:: Work to be completed ::
Using the listing below, print the line containing "Deconovo Thermal Insulated", the line containing "居民区的快餐店,不是正好坐在", and each line between them, exactly and nothing else. Pictures stay out of the print.
Supplied data Start Marker
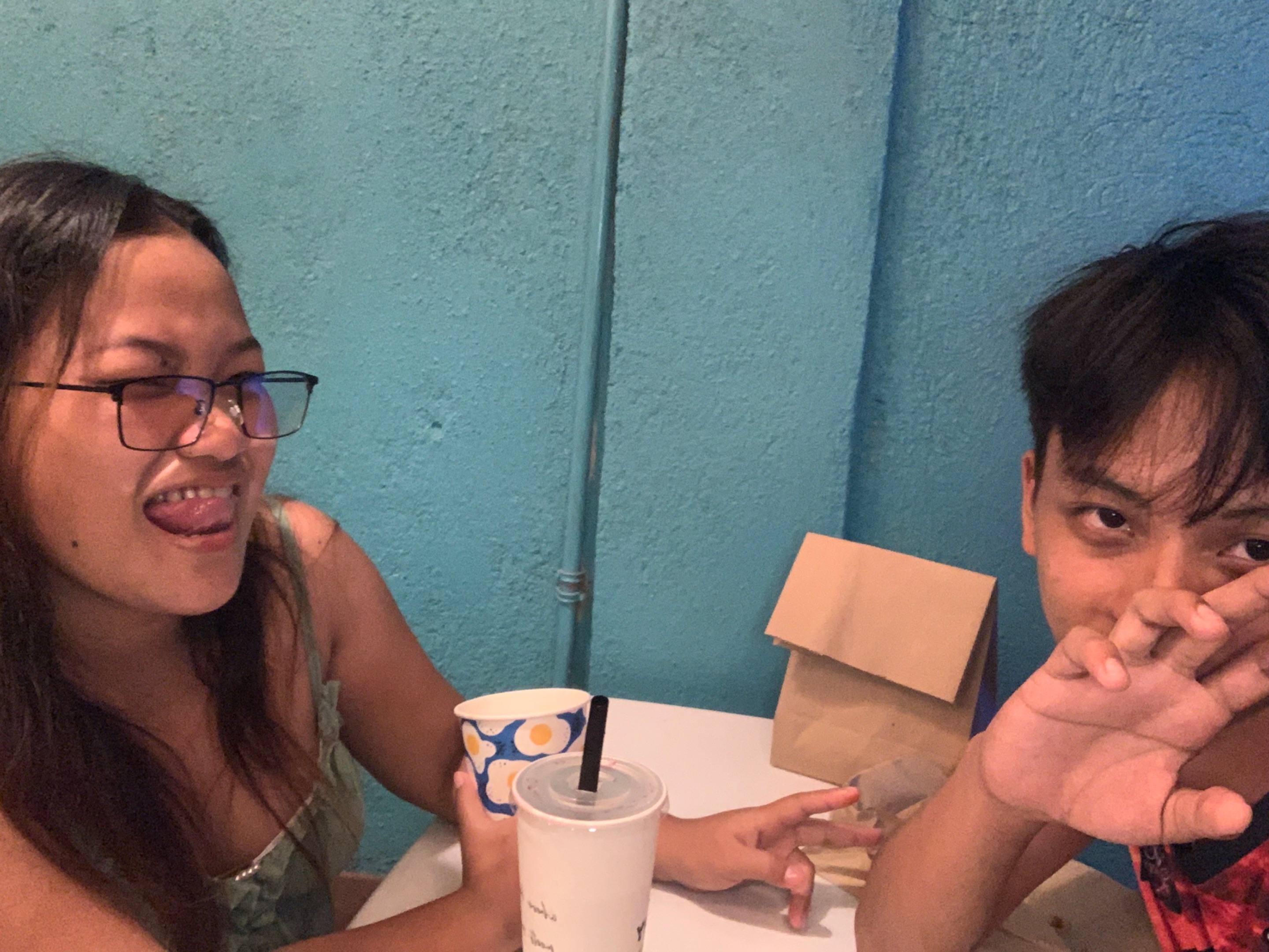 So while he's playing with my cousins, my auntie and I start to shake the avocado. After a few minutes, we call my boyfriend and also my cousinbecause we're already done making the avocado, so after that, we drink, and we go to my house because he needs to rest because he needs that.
Supplied data End Marker
Supplied data Start Marker
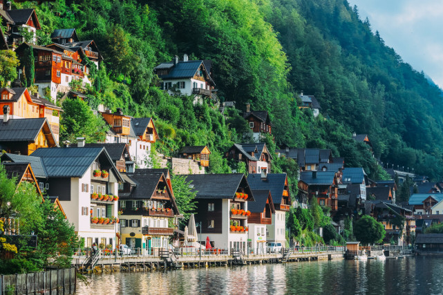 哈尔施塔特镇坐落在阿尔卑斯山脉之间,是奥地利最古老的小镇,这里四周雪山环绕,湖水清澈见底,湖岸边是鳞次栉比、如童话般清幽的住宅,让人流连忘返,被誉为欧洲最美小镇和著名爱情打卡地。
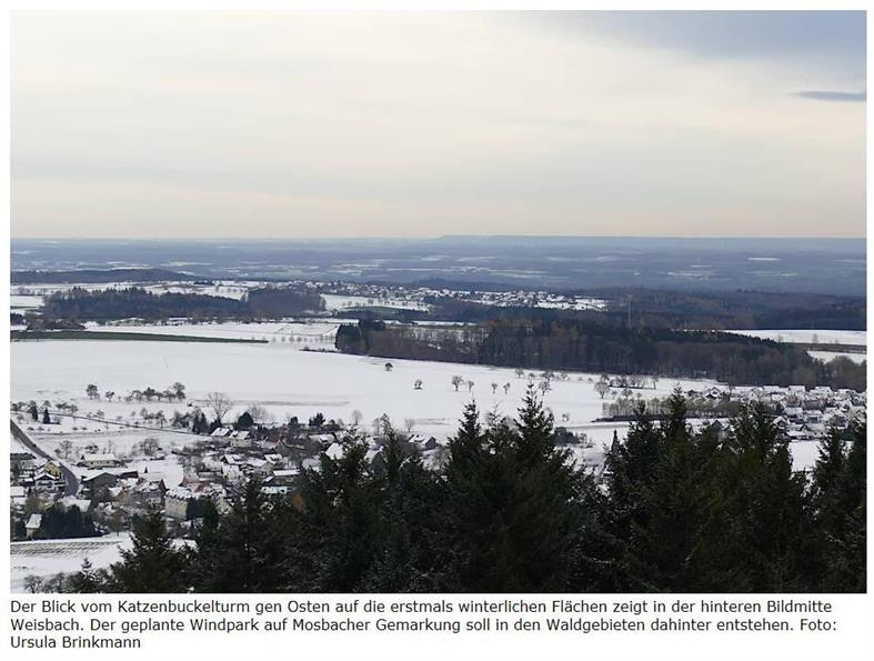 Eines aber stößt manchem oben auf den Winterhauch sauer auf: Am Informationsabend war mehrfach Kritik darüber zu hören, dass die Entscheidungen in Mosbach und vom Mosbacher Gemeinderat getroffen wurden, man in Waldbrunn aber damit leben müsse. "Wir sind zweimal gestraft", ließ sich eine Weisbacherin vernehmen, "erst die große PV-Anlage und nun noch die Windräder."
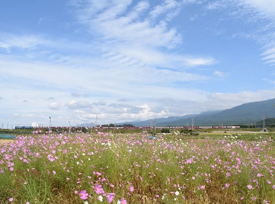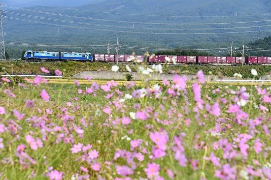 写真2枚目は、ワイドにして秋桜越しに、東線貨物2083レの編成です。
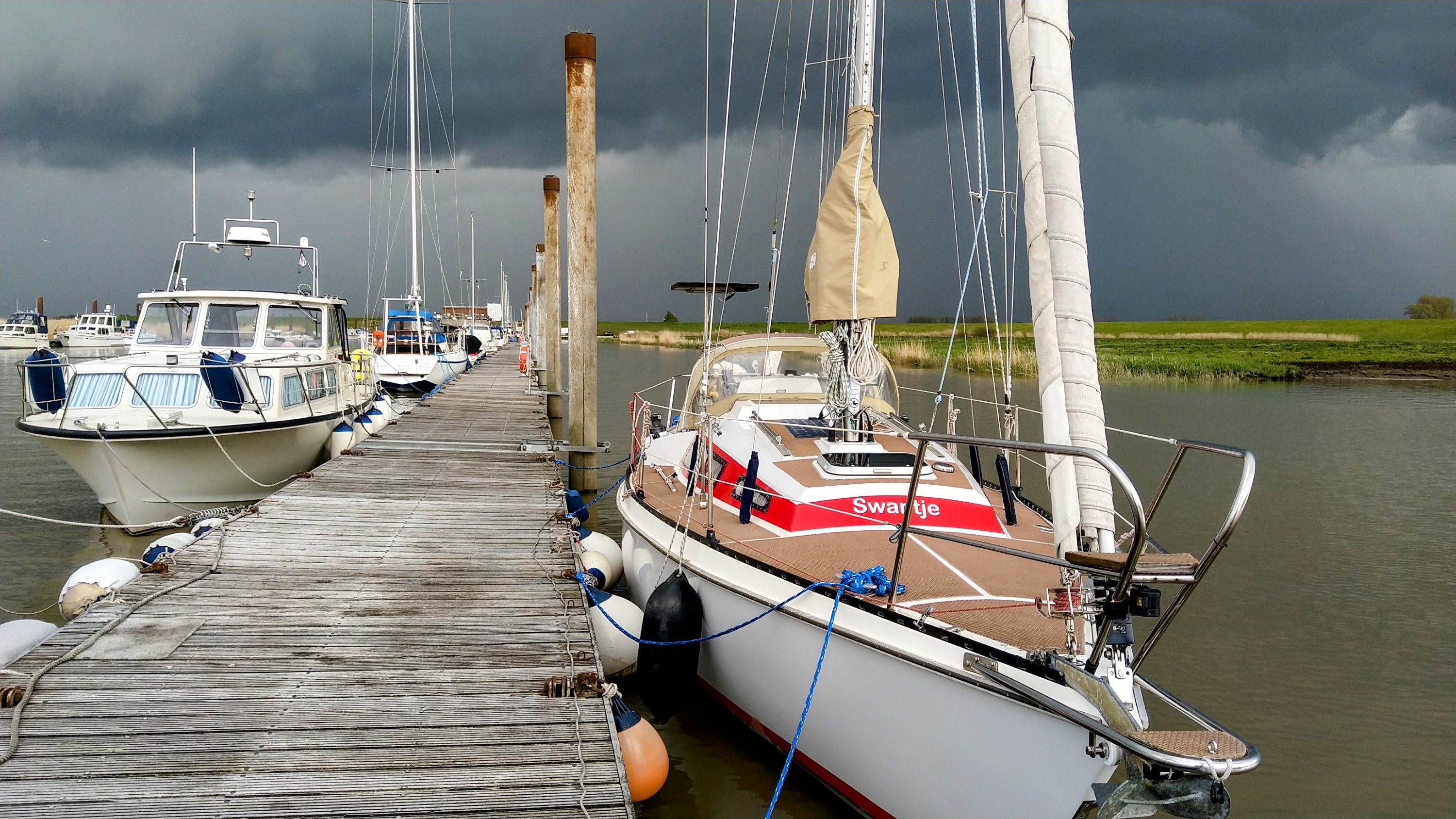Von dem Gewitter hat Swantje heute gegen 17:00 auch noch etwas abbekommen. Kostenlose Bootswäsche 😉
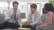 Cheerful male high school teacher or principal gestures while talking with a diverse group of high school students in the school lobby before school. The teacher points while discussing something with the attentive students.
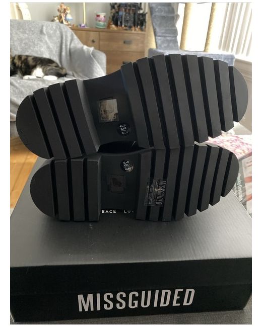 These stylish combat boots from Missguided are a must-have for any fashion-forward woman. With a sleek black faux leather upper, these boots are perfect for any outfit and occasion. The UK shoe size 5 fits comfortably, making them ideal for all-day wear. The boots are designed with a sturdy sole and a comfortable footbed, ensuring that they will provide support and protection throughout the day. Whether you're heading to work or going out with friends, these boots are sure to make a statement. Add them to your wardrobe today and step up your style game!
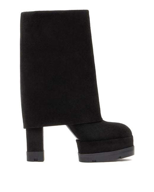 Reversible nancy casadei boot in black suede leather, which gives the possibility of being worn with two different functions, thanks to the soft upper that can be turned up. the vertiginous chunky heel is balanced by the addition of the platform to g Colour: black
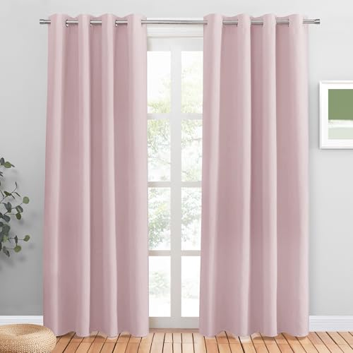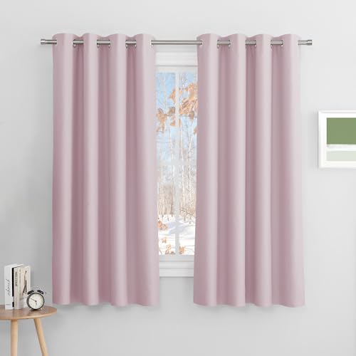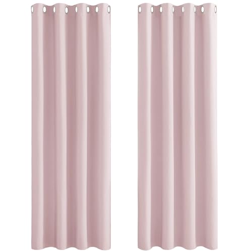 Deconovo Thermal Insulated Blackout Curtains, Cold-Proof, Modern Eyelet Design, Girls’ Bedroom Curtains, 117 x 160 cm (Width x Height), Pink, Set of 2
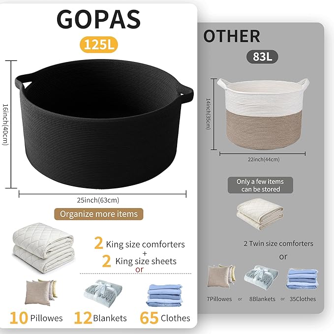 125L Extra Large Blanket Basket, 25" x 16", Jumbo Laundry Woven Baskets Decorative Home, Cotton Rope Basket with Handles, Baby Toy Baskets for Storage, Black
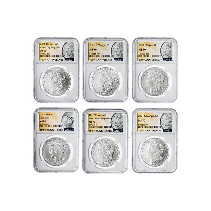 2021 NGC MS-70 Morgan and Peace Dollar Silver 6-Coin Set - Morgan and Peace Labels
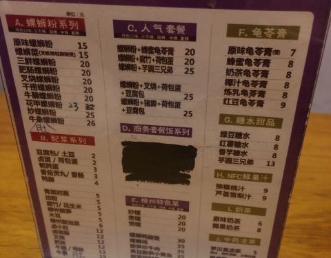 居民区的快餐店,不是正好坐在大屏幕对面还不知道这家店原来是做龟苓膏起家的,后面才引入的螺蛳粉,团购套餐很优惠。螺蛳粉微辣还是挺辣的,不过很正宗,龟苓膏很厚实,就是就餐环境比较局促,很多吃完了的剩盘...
Supplied data End Marker
:: Answer to the exercise ::
 Deconovo Thermal Insulated Blackout Curtains, Cold-Proof, Modern Eyelet Design, Girls’ Bedroom Curtains, 117 x 160 cm (Width x Height), Pink, Set of 2
 125L Extra Large Blanket Basket, 25" x 16", Jumbo Laundry Woven Baskets Decorative Home, Cotton Rope Basket with Handles, Baby Toy Baskets for Storage, Black
 2021 NGC MS-70 Morgan and Peace Dollar Silver 6-Coin Set - Morgan and Peace Labels
 居民区的快餐店,不是正好坐在大屏幕对面还不知道这家店原来是做龟苓膏起家的,后面才引入的螺蛳粉,团购套餐很优惠。螺蛳粉微辣还是挺辣的,不过很正宗,龟苓膏很厚实,就是就餐环境比较局促,很多吃完了的剩盘...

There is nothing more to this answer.